For example, how to design a subscription system depends on key words. For example, if you subscribe to “small three” news titles and include “small three”, then you subscribe to “Apple” and then you also include “Apple” in the title. In this way, you may have to design to exclude some words.
If you use the database LIKE, it will definitely consume a lot of resources. How do you get the mature amount? How do you publish different results to different subscribers?
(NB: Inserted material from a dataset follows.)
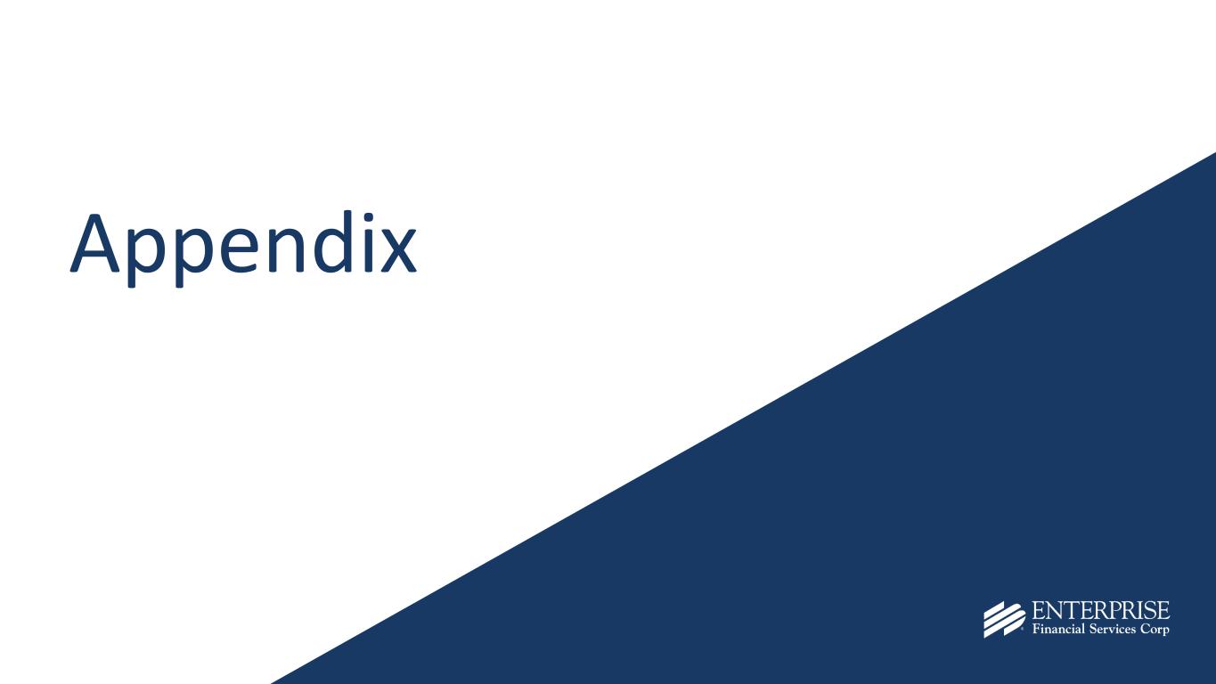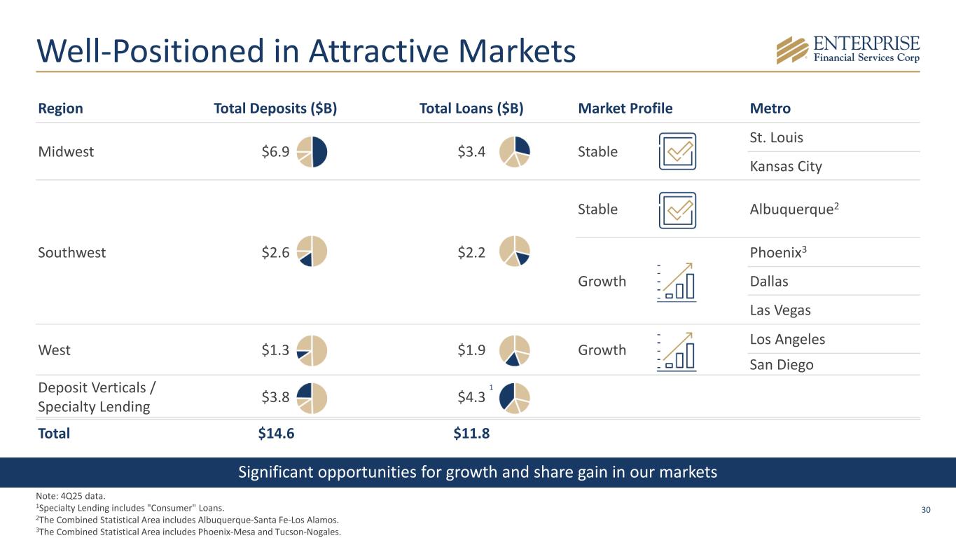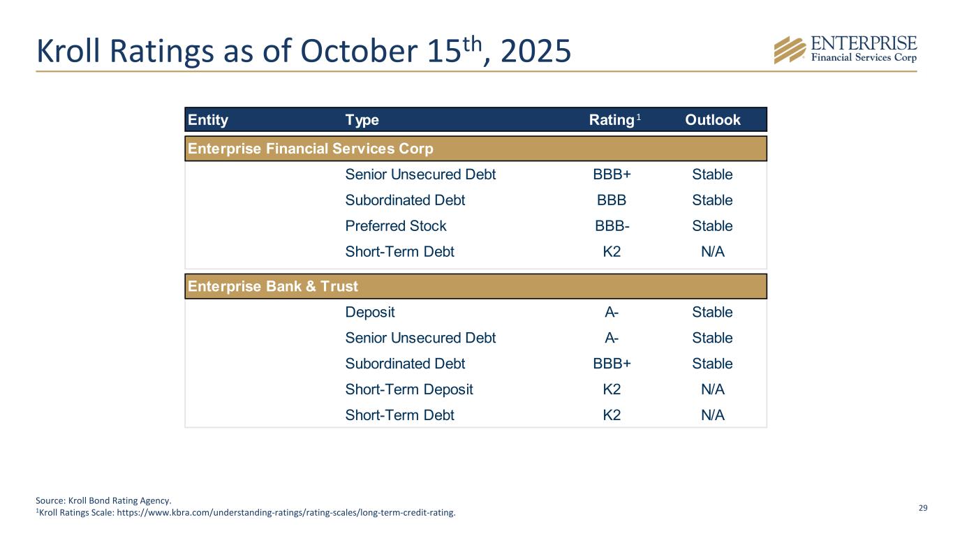 29 Kroll Ratings as of October 15th, 2025 Entity Type Rating Outlook Enterprise Financial Services Corp Senior Unsecured Debt BBB+ Stable Subordinated Debt BBB Stable Preferred Stock BBB- Stable Short-Term Debt K2 N/A Enterprise Bank & Trust Deposit A- Stable Senior Unsecured Debt A- Stable Subordinated Debt BBB+ Stable Short-Term Deposit K2 N/A Short-Term Debt K2 N/A Source: Kroll Bond Rating Agency. 1Kroll Ratings Scale: https://www.kbra.com/understanding-ratings/rating-scales/long-term-credit-rating. 1

Please describe the problem in detail first
The source of the news is What? UGC？ Grab?
How much news is there? Millions? Ten million?
To grab information, news, tens of millions of orders of magnitude, for example, is roughly divided into the following parts:
1. The captured news will have a classification module to label each item and put it into storage
2. In order to access speed, maintain a data structure of tag-news unique ID array in memory, and can use redis or write a service separately.
3. There will be a table to maintain users and subscription topics
4. when the user sends a request to obtain a message, go to the memory to obtain the latest news ids according to the requested topic words, go to the database to obtain the news according to the ids, and add a layer of cache on the database to prevent concurrency.
In the case of a search engine, an inverted index table is maintained in the memory. Before each news item is put into storage, the data will be cleaned and cut into words to be stored in the table. After that, the user will find specific items to return according to the index in the table.